Source: Frutarom Had a Mechanism for Payments It Wanted to “Make Under the Radar”
As IFF worked to integrate Frutarom, for which it paid $6.4 billion in 2018, it learned of allegations that Frutarom made improper payments to customer representatives
On Monday, IFF announced that during the integration process of Frutarom, for which it paid $6.4 billion in 2018, IFF was made aware of “allegations that two Frutarom businesses operating principally in Russia and Ukraine made improper payments to representatives of a number of customers,” which did not come into light during the due diligence process. IFF did not publicly name the key members involved.
There are two main allegations against the accused, one person familiar with the investigation told Calcalist on condition of anonymity: bribery of customs officials, and kickbacks, bribery commissions paid to distributors, of which the named executives allegedly took a cut. The preliminary results of IFF’s investigation revealed that Frutarom had a mechanism for payments the company wanted to “make under the radar,” the person added.
The four are represented by Israel-based law firm Goldfarb Seligman. Partner Aaron Michaeli told Calcalist that the firm’s clients are not aware of any illegal actions as part of Frutarom’s operations. Throughout its years of operation, the company has made sure to conduct its business according to a code of ethics and legal and acceptable business practices, he added.
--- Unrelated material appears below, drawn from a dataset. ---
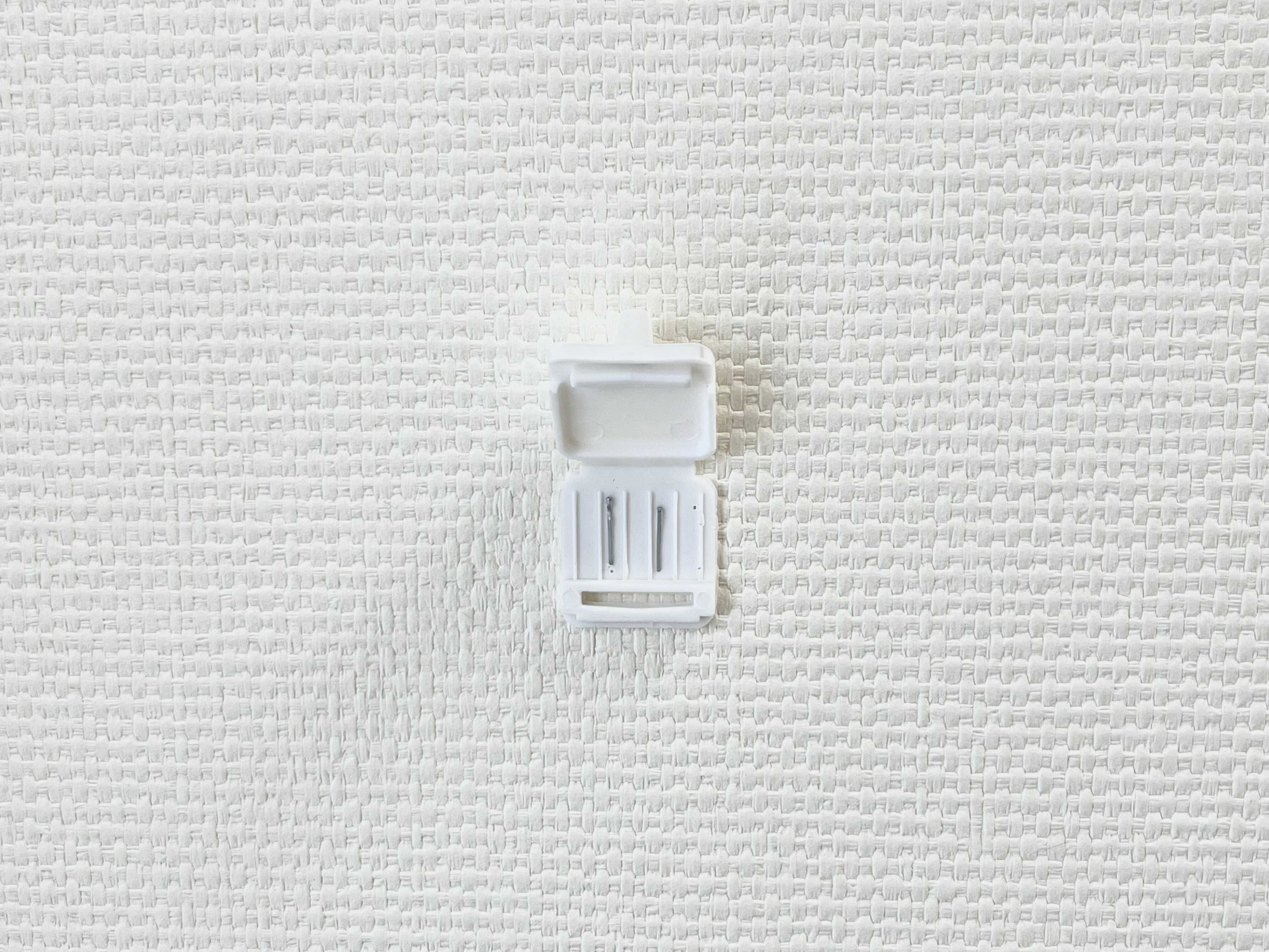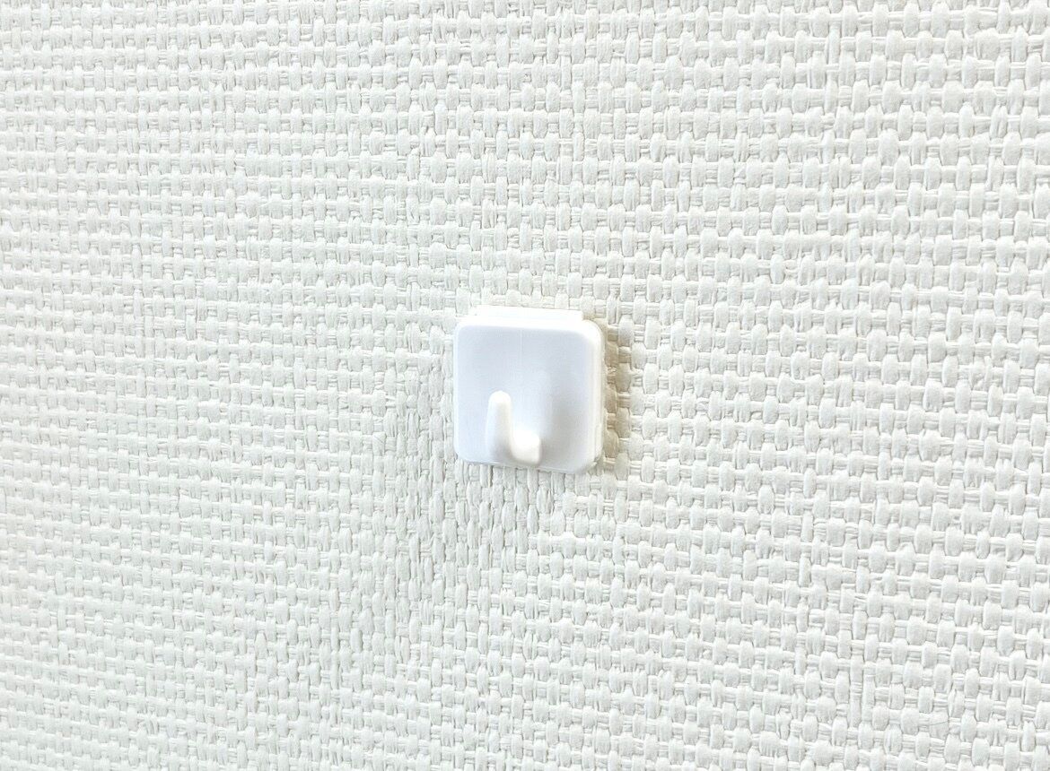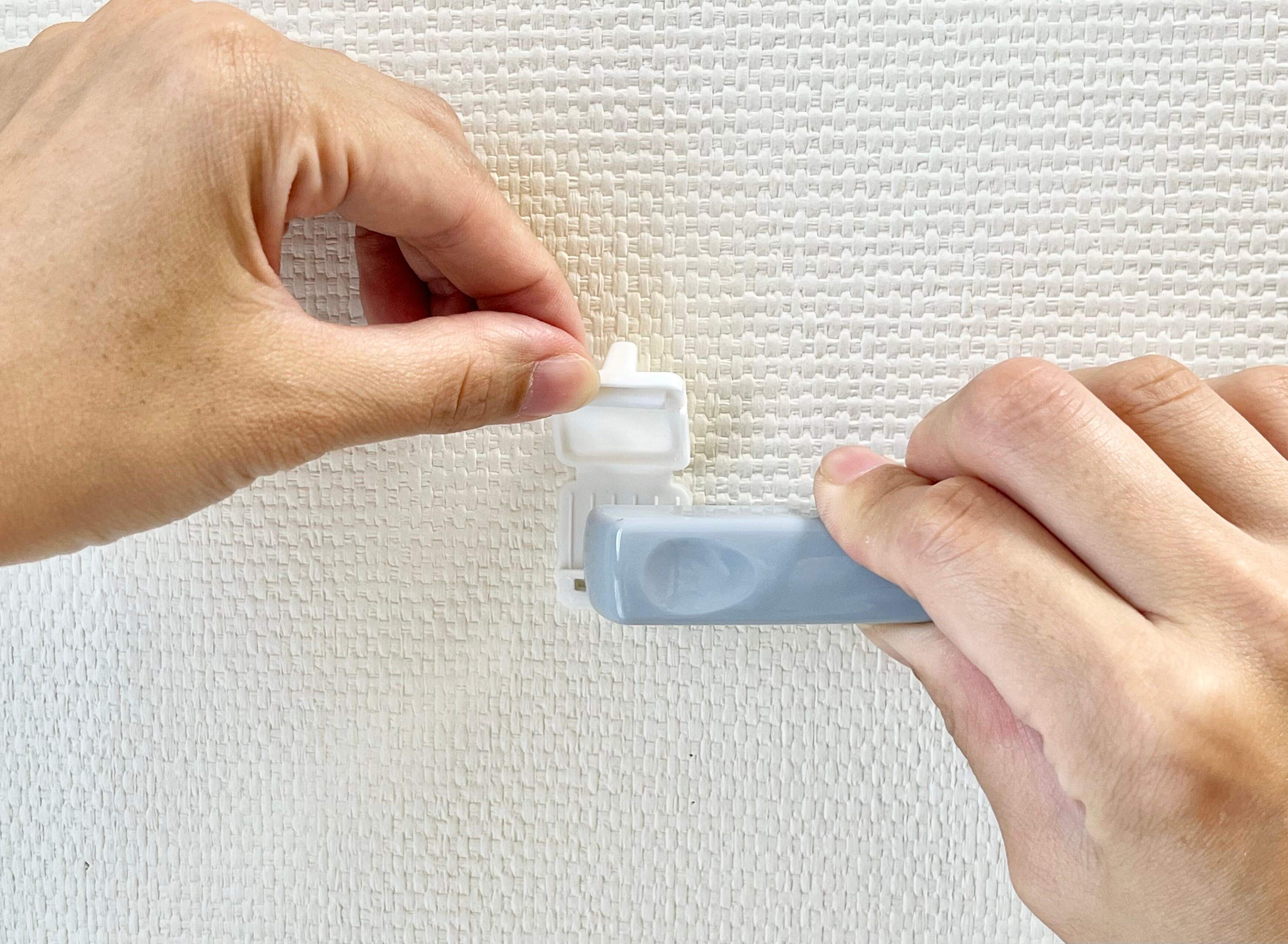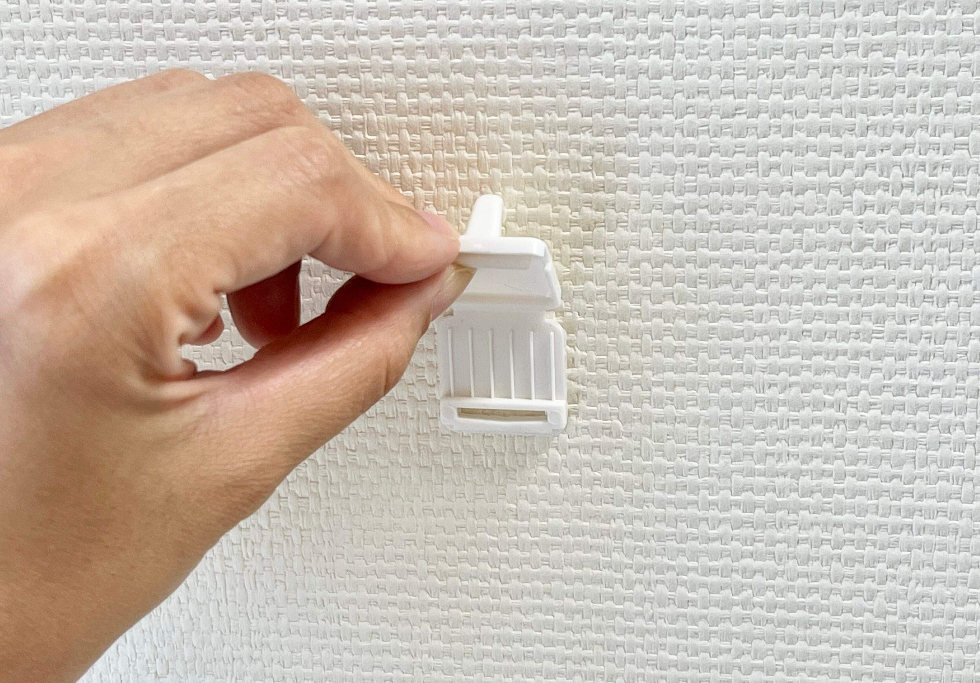 まずフックの蓋を開けて、フックを壁につけます。ちなみに、取り付けられる場所は石膏ボードの壁だけなので、取り付け前に壁の種類を確認してくださいね。

Yehudai, for many years the face of Frutarom and the one who led it to its high valuation at the time of the acquisition, became a multi-millionaire following the deal thanks to a $20 million bonus. He was originally intended to continue on as an external advisor following the merger. A month ago, Yehudai abruptly resigned from his position as the chair of private Israeli medical cannabis company Sade after just two months. His resignation was discovered following a lawsuit filed against the company by shareholders, who cited texts sent by Yehudai to the company’s owner, in which he attributed his resignation to “seeing things that shouldn’t be” and in which he wanted no part in.
In its Monday announcement, IFF said the sales that resulted from the illegal payments, which are no longer made, represent “less than 1% of IFF’s and Frutarom’s combined net sales for 2018.” The scope of the affected sales could have a great impact on three potential battlefronts IFF could face as a result of its findings: a criminal investigation in the U.S., a criminal investigation in Israel, and a derivative lawsuit filed against the accused. These processes could end with a fine, or with money added back to the company’s coffers.
The most immediate concern of both IFF and the men accused should be a criminal investigation launched by the American Department of Justice (DoJ), or a civil lawsuit filed by the U.S. Securities and Exchange Commission. In recent years, the tendency of U.S. authorities to pursue investigations into alleged corrupt practices of U.S.-linked companies outside the U.S. has increased, and most of those investigations have ended in tremendous fines. It is likely that IFF is already in the process of making a detailed report it will submit to the DoJ, as a potential starting point for negotiating a settlement.
A recent example of such a process is Israeli drugmaker Teva Pharmaceutical Industries Ltd., which in 2016 agreed to pay $519 million to U.S. authorities under a deferred-prosecution agreement with the DoJ to settle charges of making briberies in Russia, Ukraine, and Mexico. The company later agreed to pay a $22 million fine in Israel to avoid similar charges locally. Teva’s actions originally resulted in a profit of around $221 million.
Another possible front is a derivative lawsuit against the four men named. Teva has recently reached such a settlement with the insurance company of some former Teva senior executives and board members who were connected to the bribes. Still pending court approval, the settlement would see Teva receive $50 million.